My first real friend was named Jacob. We were 3 years old, and although I did not know it at the time, I treated him like my husband. I called the shots, made him tell me I was pretty, and was never in the mood when he wanted to kiss me. This perfect friendship was brought to an abrupt end by our mothers, after I told Jacob no one would care if we walked 2 blocks to the local playground by ourselves. (Also predictive of the future, my 3 year-old response to both mothers and the police was an eye roll and a “I was HANDLING it.”) 

It took several years (and another failed friendship with a boy named Adam, who was also abruptly pulled from my life after my mother overheard us saying “I’ll show you mine if you show me yours!”) before I found a girl friend. She was everything I wasn’t: motivated, popular, and she could dance. I loved that her family had a standing dinner of Domino’s pizza every Friday night. She taught me how to make Kraft Mac & Cheese. We sold lemonade in her driveway. And while I’m sure there are countless other memories that don’t revolve around food, this was the start of 30 years of friendship. 

As life went on, I amassed a beautiful bounty of girlfriends. I tried to be picky, but there were still some bad eggs. In middle school one ‘friend’ stole my Trapper Keeper and wrote BOSSY all over it like graffiti. (Accurate, yes. I would use that thing with pride today.) In high school one girl posted a painting I had done on the art room wall with a sign that said “FORGERY.” (My high school trapper should have said NERD.) But these instances were rare, and over the last few decades I have cultivated relationships with the perfect circle of women.

Ladies, cherish your girlfriends.

They will laugh with you when you want to celebrate. They will cry with you when you don’t.

They will come to your rescue. They will be your cheerleaders when you need it most. 

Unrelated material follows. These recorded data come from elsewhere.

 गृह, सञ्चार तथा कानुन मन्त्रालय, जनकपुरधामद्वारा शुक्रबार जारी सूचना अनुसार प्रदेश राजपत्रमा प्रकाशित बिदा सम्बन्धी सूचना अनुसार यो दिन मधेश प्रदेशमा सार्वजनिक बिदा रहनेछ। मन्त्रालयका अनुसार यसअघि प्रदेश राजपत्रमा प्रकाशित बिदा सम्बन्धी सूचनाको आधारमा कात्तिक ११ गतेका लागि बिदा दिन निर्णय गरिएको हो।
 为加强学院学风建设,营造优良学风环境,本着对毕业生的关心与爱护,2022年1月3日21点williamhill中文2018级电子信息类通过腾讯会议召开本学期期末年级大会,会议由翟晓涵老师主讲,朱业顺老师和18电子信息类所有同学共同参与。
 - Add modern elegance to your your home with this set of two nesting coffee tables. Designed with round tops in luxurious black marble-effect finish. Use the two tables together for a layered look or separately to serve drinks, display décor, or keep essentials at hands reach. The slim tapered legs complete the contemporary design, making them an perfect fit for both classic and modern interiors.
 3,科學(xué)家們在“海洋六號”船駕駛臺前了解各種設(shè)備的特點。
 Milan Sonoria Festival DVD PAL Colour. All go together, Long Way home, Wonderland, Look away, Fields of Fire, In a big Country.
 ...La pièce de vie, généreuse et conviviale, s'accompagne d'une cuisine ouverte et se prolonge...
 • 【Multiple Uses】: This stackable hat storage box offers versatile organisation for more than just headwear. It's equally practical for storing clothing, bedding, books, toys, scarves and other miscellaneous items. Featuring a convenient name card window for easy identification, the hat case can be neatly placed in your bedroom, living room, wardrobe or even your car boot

Take photos with them. Don’t leave these in your phone – develop them and hang them in your house as a constant reminder of love. 

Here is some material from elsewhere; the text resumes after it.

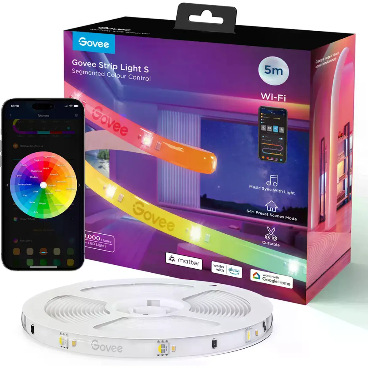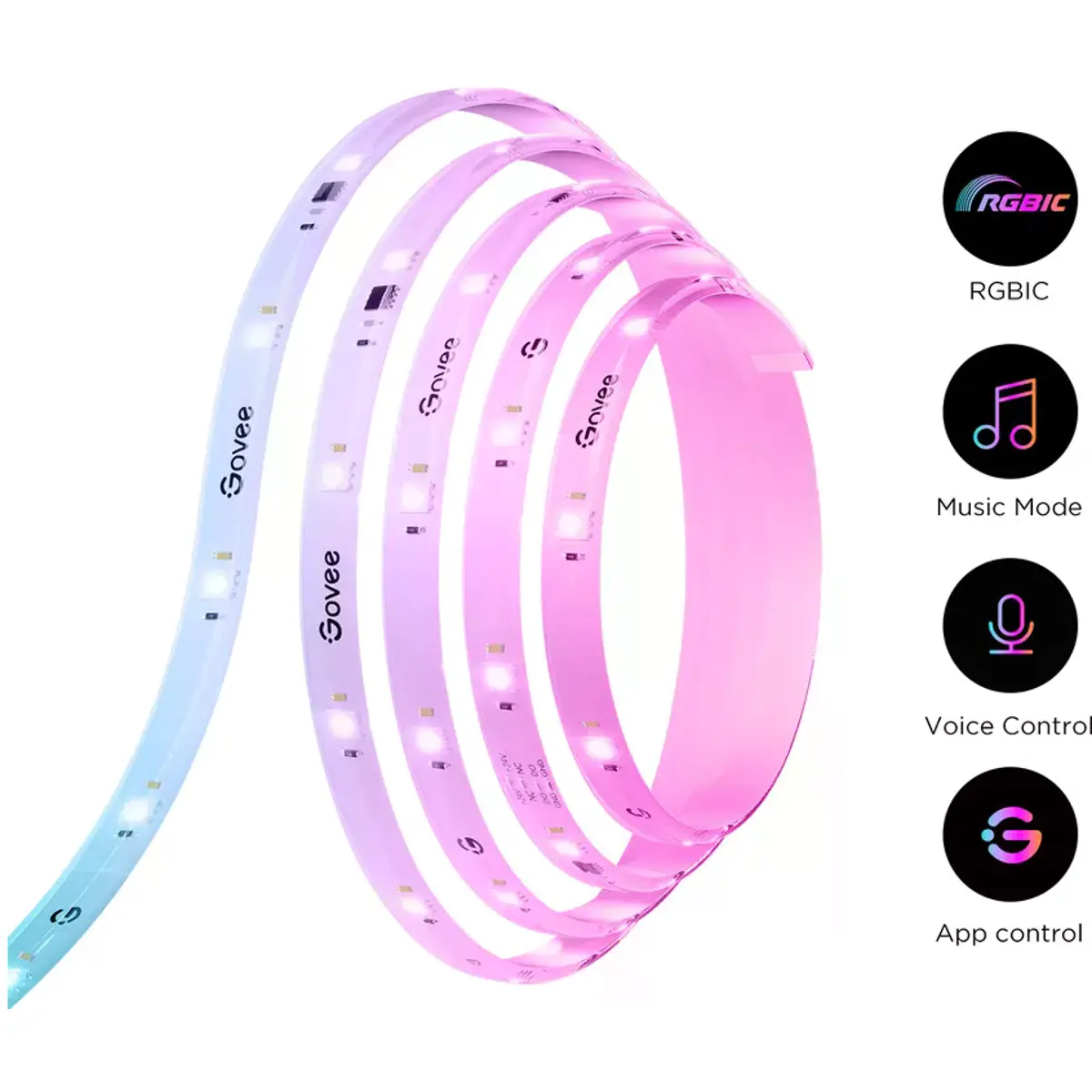 O Govee H612A funciona com o Amazon Alexa e o Google Assistant, permitindo-lhe controlar perfeitamente a sua iluminação com comandos de voz. Com suporte para Matter, pode integrar facilmente a fita em vários sistemas domésticos inteligentes. Quer utilize a sua voz, uma aplicação ou um botão clássico, tem controlo total sobre a iluminação da sua casa.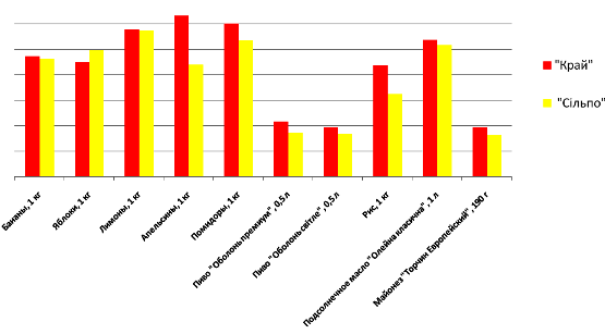 Если взять сумму цен товаров с таблицы, то общая сумма покупки на 10 выбранных товаров составляет 86,20 грн в “Крае” и 77,09 грн - в “Сільпо”. Следовательно, делать покупки в «Крае» на 11,8% дороже, чем в «Сільпо».

Take vacations together. Sit around a fire talking about men and babies and sex and careers. You will return home a better woman.

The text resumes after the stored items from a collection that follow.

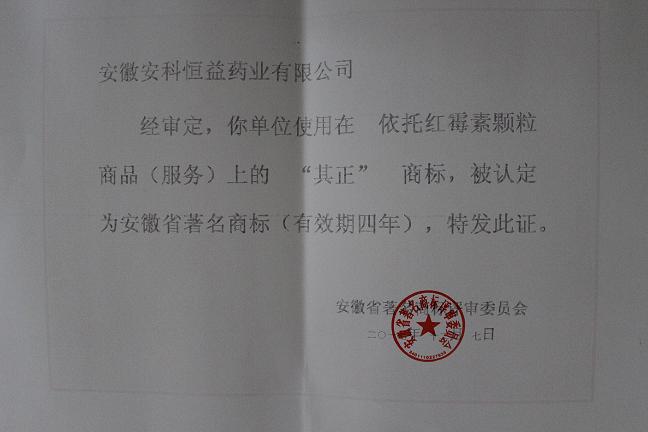 近日,公司收到《2017年安徽省著名商標(biāo)認(rèn)定公告》,公司產(chǎn)品依托紅霉素顆粒其商標(biāo)“其正”經(jīng)安徽省著名商標(biāo)評(píng)審委員會(huì)評(píng)審?fù)ㄟ^,認(rèn)定為“安徽省著名商標(biāo)”。該商標(biāo)是我公司取得的第三件省著名商標(biāo)(前兩件分別是“天井”牌氨咖黃敏膠囊、恒迪克牌頭孢克洛分散片)。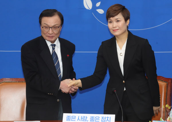 지난 1월 30일 오전 더불어민주당 이해찬 대표가 국회 당대표실에서 열린 인재영입 발표회에 참석해 영입인재 15호 전 핸드볼국가대표 임오경 씨와 악수하고 있다. /연합뉴스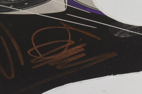ARTISTS RE-SALE RIGHT. Buyers of the re-sold art of living artists will be charged the royalty where applicable. Currently this is 4% on any item sold at 1000 Euros or over, diminishing from 50,000 Euros. VAT is not applicable on this charge. Further details can be obtained from artistscollectingsociety.org.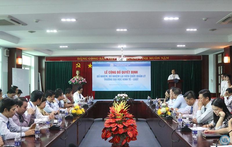 Chiều ngày 27.04.2017, Trường Đại học Kinh tế - Luật đã tổ chức Lễ công bố Quyết định bổ nhiệm, bổ nhiệm lại viên chức quản lý.
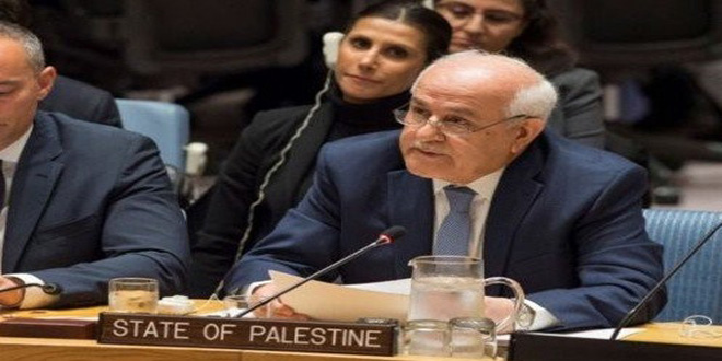جدد مندوب فلسطين الدائم لدى الأمم المتحدة رياض منصور مطالبته المجتمع الدولي بتطبيق قرارات الشرعية الدولية وإنهاء الاحتلال الإسرائيلي وإقامة الدولة الفلسطينية المستقلة على خطوط الرابع من حزيران 1967 وعاصمتها القدس.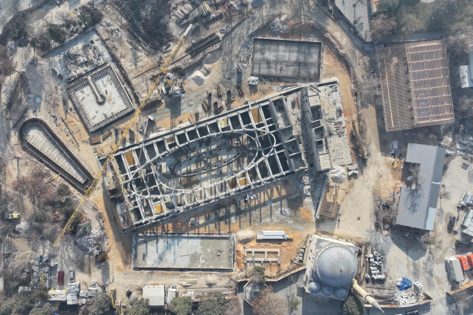 KONYA (İGFA) - Konya Büyükşehir Belediyesi tarafından eski belediye binasının yerinde inşaatı sürdürülen Türkiye’nin ilk Sıfır Karbon binası özelliğine sahip Şehir Kütüphanesi hızla yükseliyor.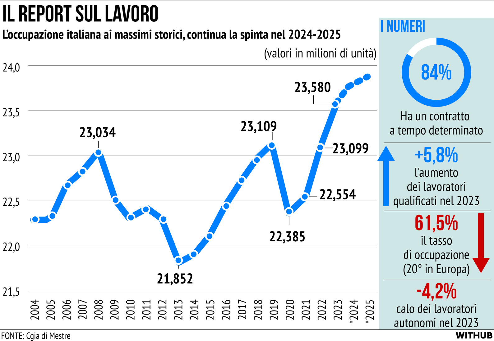 Lavoro, report Cgia: occupazione ai massimi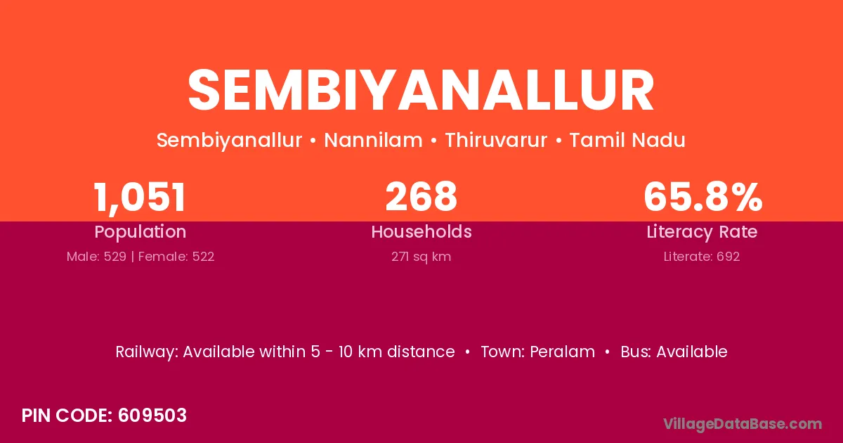 Sembiyanallur village has a total population of 1,051 people, of which 529 are males and 522 are females.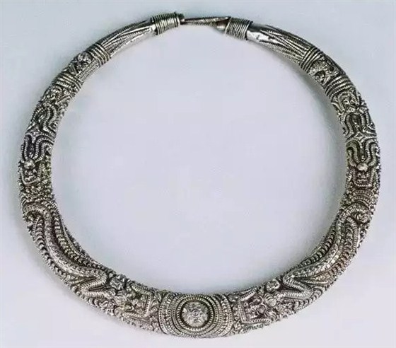 頸飾是原始社會就很普遍的裝飾,春秋戰(zhàn)國時代的頸飾出土不少,河南三門峽上村嶺虢國墓地出土頸飾,其中一件系由許多不同形狀的〓組成,其余為〓形器及一小系璧。

Send her a note. Not a text, but a cute or funny or dirty card with actual handwriting on it that lets her know you are thinking of her.

Respect her decisions. You don’t have to agree, you just need to listen. Respect is the foundation of any relationship. 

Talk about them in glowing terms. Rave about their awesomeness to your dentist, your dry cleaner, your spouse. 

Remember their birthdays, and make them feel special (and younger!). 

Be generous. Offer your hand to hold. Take her kids for an hour so she can take a shower or watch The Bachelor.

Above all, do not keep them to yourself. Introduce them to each other. Wonder Women should unite.